Beberapa contoh yang paling umum meliputi menunda-nunda, meremehkan diri sendiri, takut mengambil keputusan penting, atau bahkan menarik diri ketima sedang berada di ambang kesuksesan. Semua perilaku ini seringkali berakar terhadap ketakutan, rasa tidak percaya diri, atau trauma masa lalu yang belum disadari sepenuhnya.

Dengan memahami pola-pola sabotase ini, kita dapat mulai mengenali sinyal-sinyalnya dalam diri sendiri dan mengambil langkah guna mengatasinya. Mengutip Very Well Mind, berikut ini beberapa contoh perilaku self sabotage yang biasanya terjadi pada seseorang yang cenderung tampak mengurung diri.

1. Penundaan

Salah satu bentuk sabotase diri yang paling umum adalah kebiasaan menunda-nunda. Meski tampak sepele, perilaku ini sebenarnya bisa menjadi sinyal bahwa seseorang sedang berjuang dengan rasa takut takut gagal, takut mengecewakan orang lain, bahkan takut berhasil. Dengan menunda pekerjaan atau keputusan penting, seseorang secara tidak langsung mengirimkan pesan bahwa dirinya belum siap.
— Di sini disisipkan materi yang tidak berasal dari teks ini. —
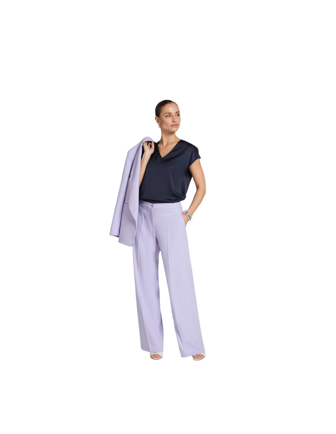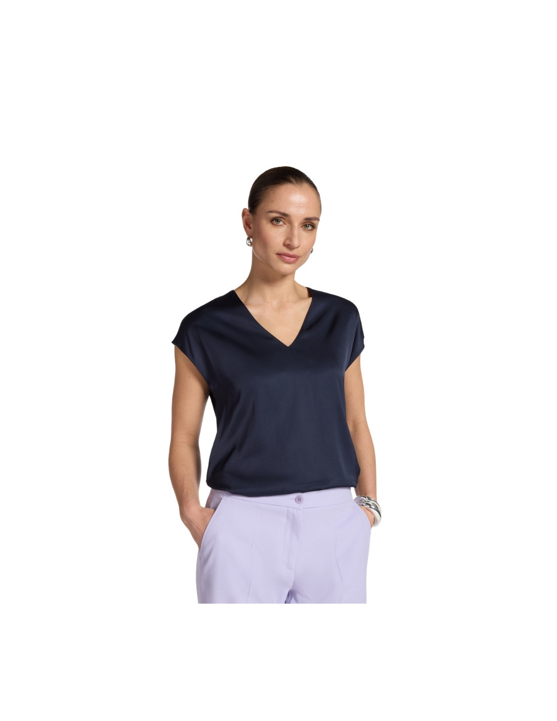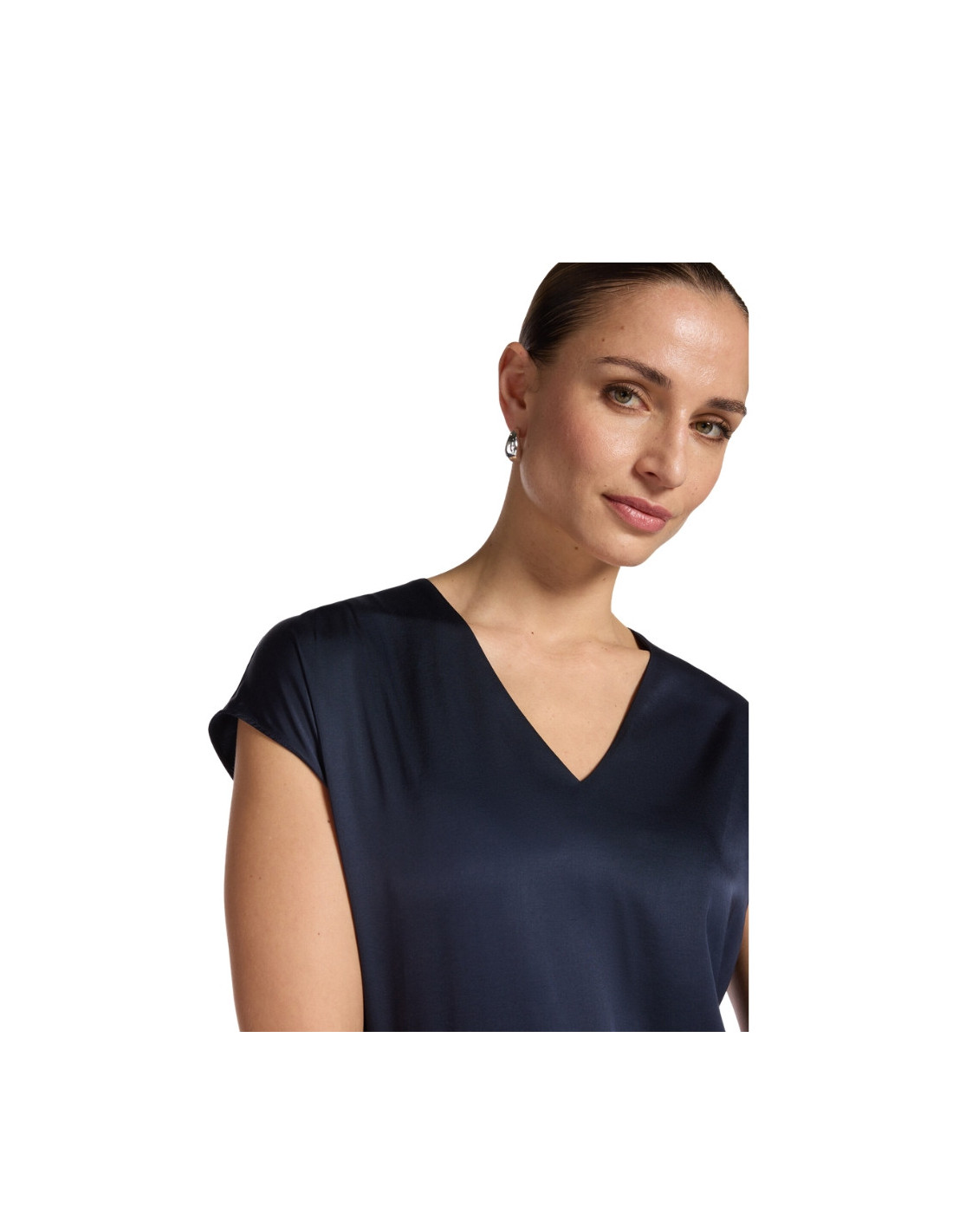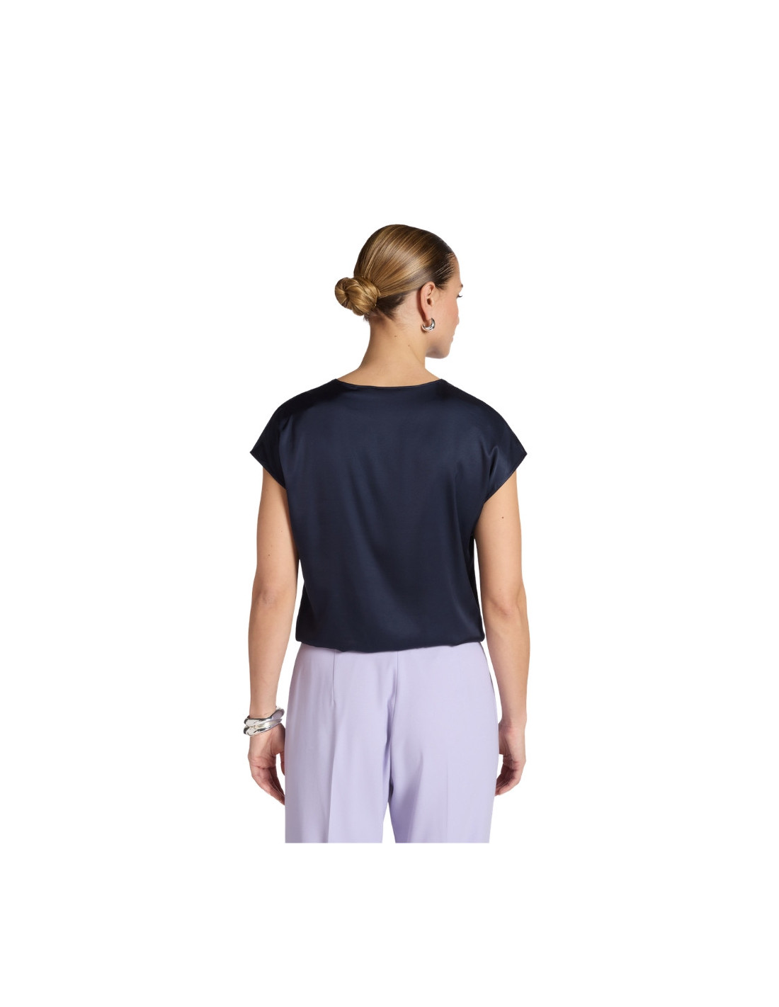 Eleganza minimal e raffinatezza contemporanea definiscono la blusa con scollo a V color blu notte, un capo essenziale dal fascino sofisticato.

Akibatnya, peluang baik pun ikut tertunda atau bahkan terlewat begitu saja. Menunda-nunda umumnya digunakan sebagai bentuk perlindungan diri dari tekanan atau ekspektasi, padahal justru memperkuat keyakinan negatif yang sudah ada. Apabila dibiarkan, kebiasaan ini mampu menjadi penghambat besar dalam perjalanan menuju kesuksesan pribadi maupun profesional.

2. Perfeksionisme

Menetapkan standar tinggi memang bisa memotivasi, tetapi apabila ekspektasi itu tidak realistis atau terlalu sempurna, justru bisa menjadi bumerang. Banyak orang tidak menyadari bahwa perfeksionisme sering menjadi penyebab utama penundaan, stres, bahkan kemunduran dalam hidup maupun karier.

Sekilas, perfeksionisme tampak seperti strategi untuk memastikan segala sesuatu berjalan mulus tanpa kesalahan. Namun kenyataannya, ketika rencana tidak berjalan sesuai harapan yang pasti akan terjadi dalam hidup para perfeksionis cenderung merasa hancur.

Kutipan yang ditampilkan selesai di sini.